2017 AIA Awards - Architecture
The winning design for former New York City Mayor Michael Bloomberg’s 2013 adAPT NYC competition, Carmel Place opened last year and set new standards as a prototype for micro living.
The competition tasked firms with responding to the city’s growing small-household population as part of the Bloomberg administration’s New Housing Marketplace Plan, which aimed to bring new options to the city’s housing market.
Carmel Place is the tallest Manhattan building constructed modularly, one of the borough’s first multiunit buildings to employ the method. Fifty-five studio apartments ranging in size from 260 to 360 square feet are all luminous and efficient, with ceiling heights over nine feet, Juliet balconies, and generous overhead storage featured in their compact footprint. Twenty-two of the units are dedicated to affordable housing, of which eight are Section 8 housing for formerly homeless veterans that includes integrated furniture.
Shared spaces, such as a gym, lounge, and public roof terrace, encourage interaction among residents on a daily basis, proving that someone who lives on their own doesn’t necessarily need to live alone.
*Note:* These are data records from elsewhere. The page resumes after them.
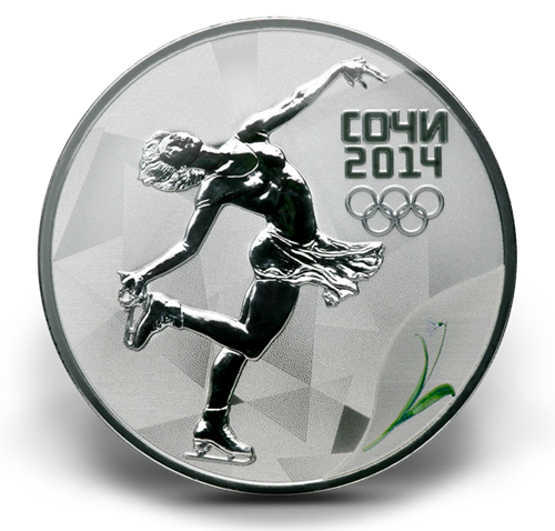 Designed by A.A. Brynza, your coin depicts an ice figure skater in a graceful spin. Your coin also includes a coloured detail of Voronov's Snowdrop; named for Russian botanist Y.N Voronov and found on the east coast of the Black Sea. Designed by E.V. Kramskaia, the obverse side of your coin depicts the relief image of the State Coat of Arms of the Russian Federation with a semicircular inscription over it "THE RUSSIAN FEDERATION", the denomination of the coin "THREE ROUBLES" and theyear of issue "2014 r.", the indication of the metal according to the D.I. MendeleyevPeriodic System of Elements, the purity, the trademark of the Saint Petersburg Mint and the fine precious metal content.
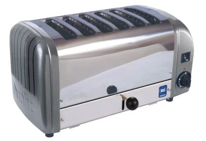 To control heating and browning settings, it has a manual timer control as well as a manual ejector with a keep-warm feature so food items are always ready to serve. Easy to clean, this toaster has a pull-out crumb tray. Built with stainless steel housing and attractive metallic gray end panels, this 6-slot toaster will withstand high volume commercial use.
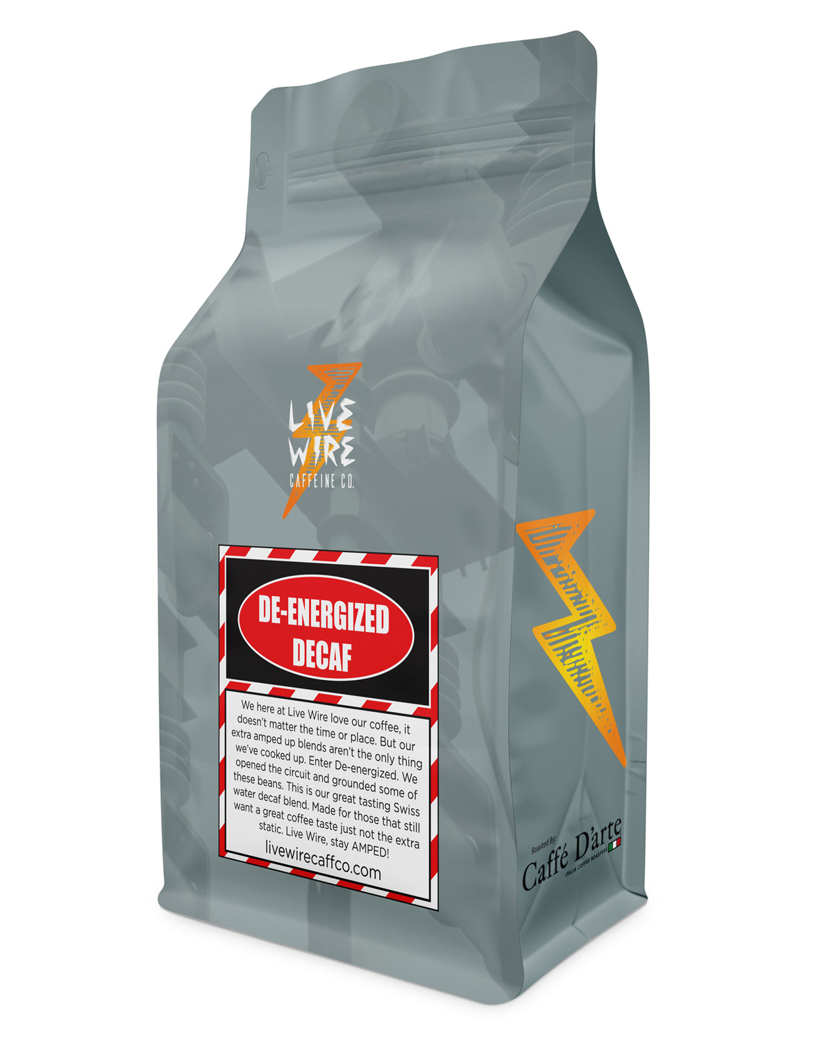 De-Energized Decaf Blend: We here at LiveWire love our coffee, it doesn’t matter the time or place. But our extra amped up blends aren’t the only thing we’ve brewed up! Enter De-energized. We opened the circuit and grounded some of these beans! This is our great tasking Swiss water decaffeinated blend.
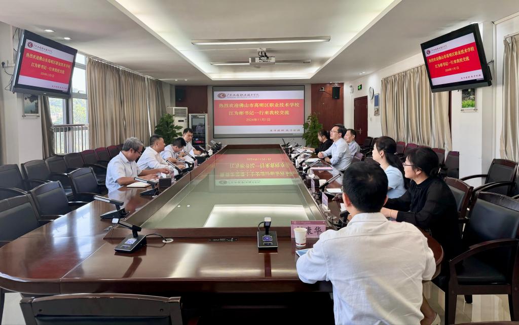 江為彬書記介紹了佛山市高明區(qū)職業(yè)技術(shù)學(xué)校基本概況,并就雙方合作的中高職貫通三二分段專業(yè)的課程建設(shè)、教學(xué)等方面進(jìn)行了互動(dòng)交流,希望能共同推進(jìn)兩校中高職貫通三二分段高質(zhì)量發(fā)展。
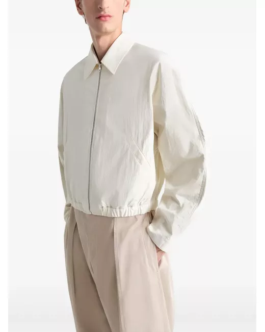 white storm flap buttoned cuffs two side welt pockets elasticated hem
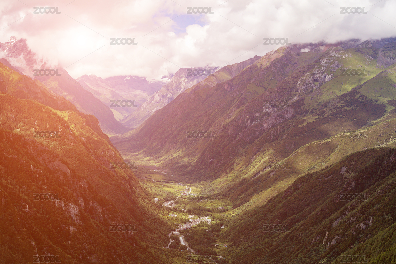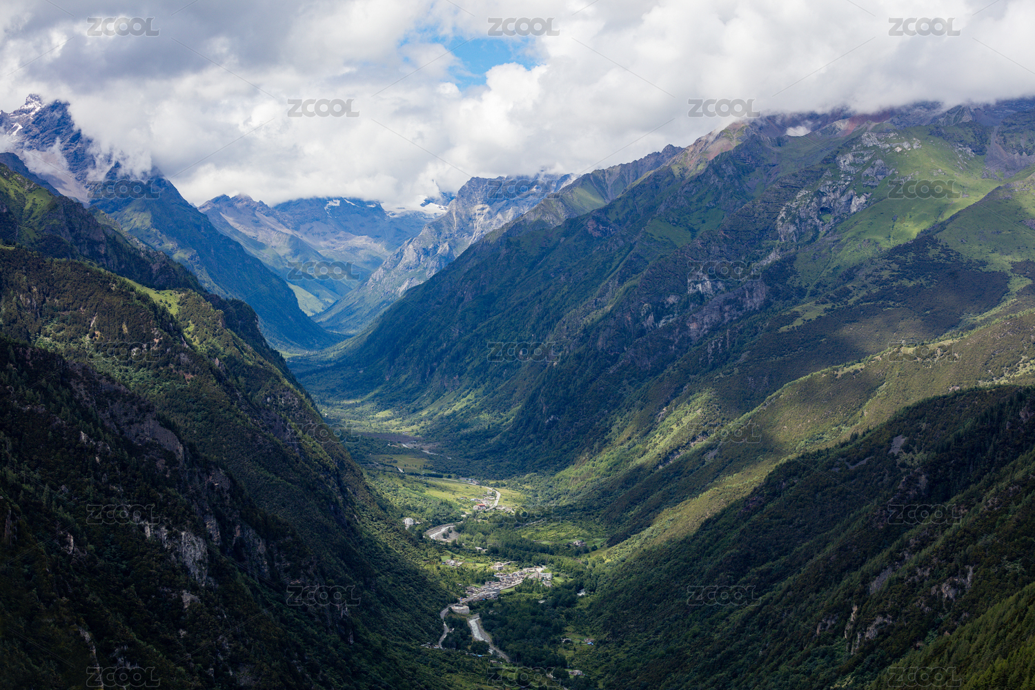 云雾缭绕的四川阿坝州毕棚沟景区雪山
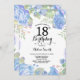 Azul Botânico Floral 18º Convite de Aniversário. Convite à Mulher para o Aniversário de Peões Rosa Floral Flor Floral de Aquarela. Rosa Rosa Rosa Elegante e Flores de Pêonias. Aniversário Adulto. Fundo Branco. Preto e Branco. 13 15 16º 18º 20 21rua 30 40º 50º 60º 80 de 70 100º, qualquer idade. Para mais personalização, clique no botão "Personalizar" e use nossa ferramenta de design para modificar este modelo.
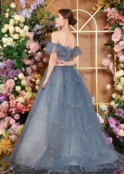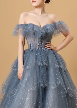 Women Long Blue Tulle Off Shoulder A-Line Empire Prom Sparkly Sequins Evening Dresses Party Graduation Formal Ball Gown
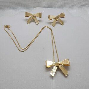 Brand New Brazilian 18k Gold Filled Bow Earrings and Necklace Set
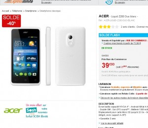 Smartphone pas cher : acer liquid z200 à 40 euros ( dual core )
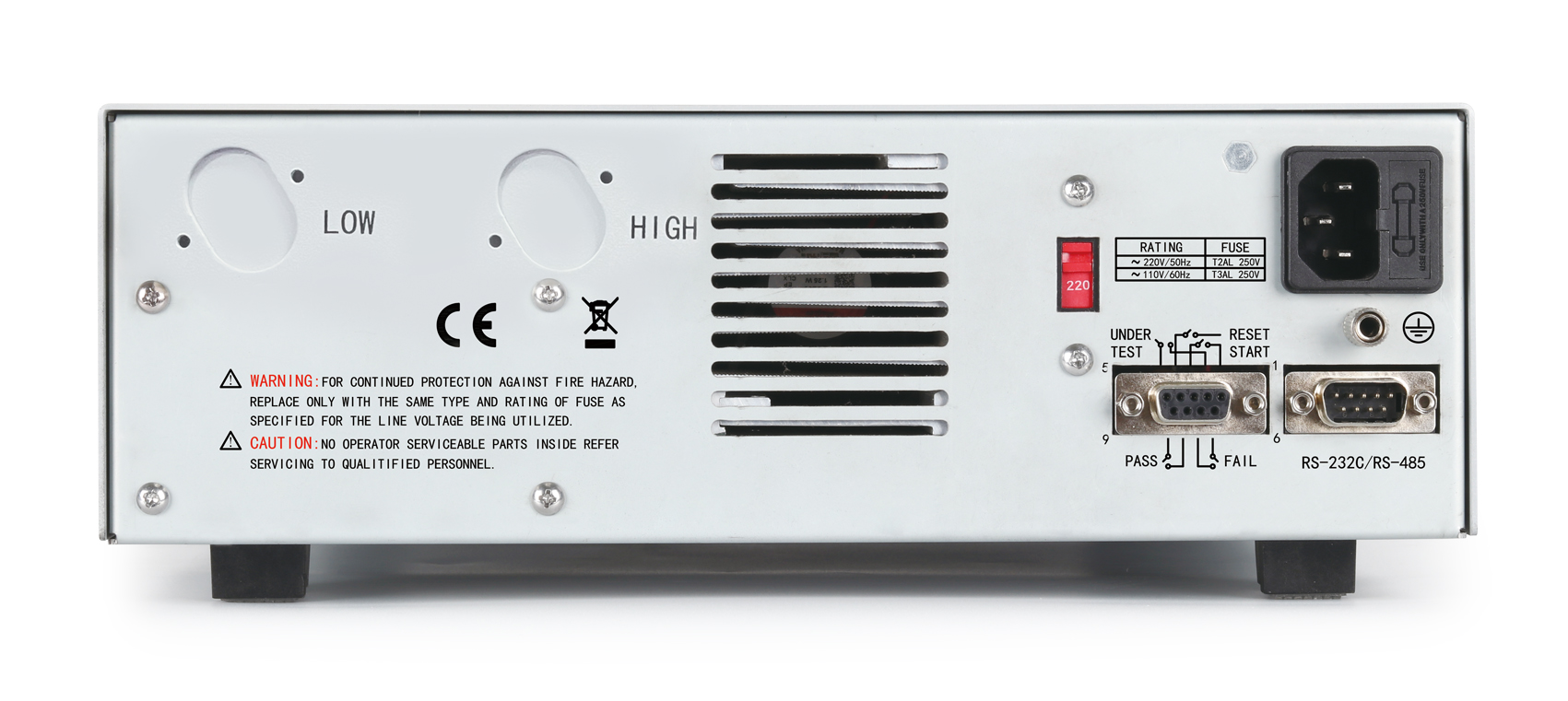 针对高强度测试中,由于测试引线内部断裂、测试工装接触不良等造成测试耐压、绝缘误判未合格的情况,TH9302C/TH9302D两个型号在仪器后面板增加了带CK功能的高压测试端,保障了仪器测试结果的有效性和正确性,可以避免由于测试附件和工装给客户带来的误判损失。

The biggest challenge facing the design team was to shift New York’s notorious housing market in a way that could be replicated and provide positive social impact while operating under restrictive regulatory and economic constraints. With the social goals in mind, the team selected modular construction, which allowed for foundations to be constructed on site while modules were built in the Brooklyn Navy Yard. With a construction time of just four weeks, this method drastically reduced on-site noise and neighborhood disruption.
Reflecting the city’s skyline in its design, the exterior is composed of four slender stepped towers. With setbacks governing the design logic, the building’s urban form would be suitable for any city block, its range of heights and square-footage allotments creating a new framework for living small.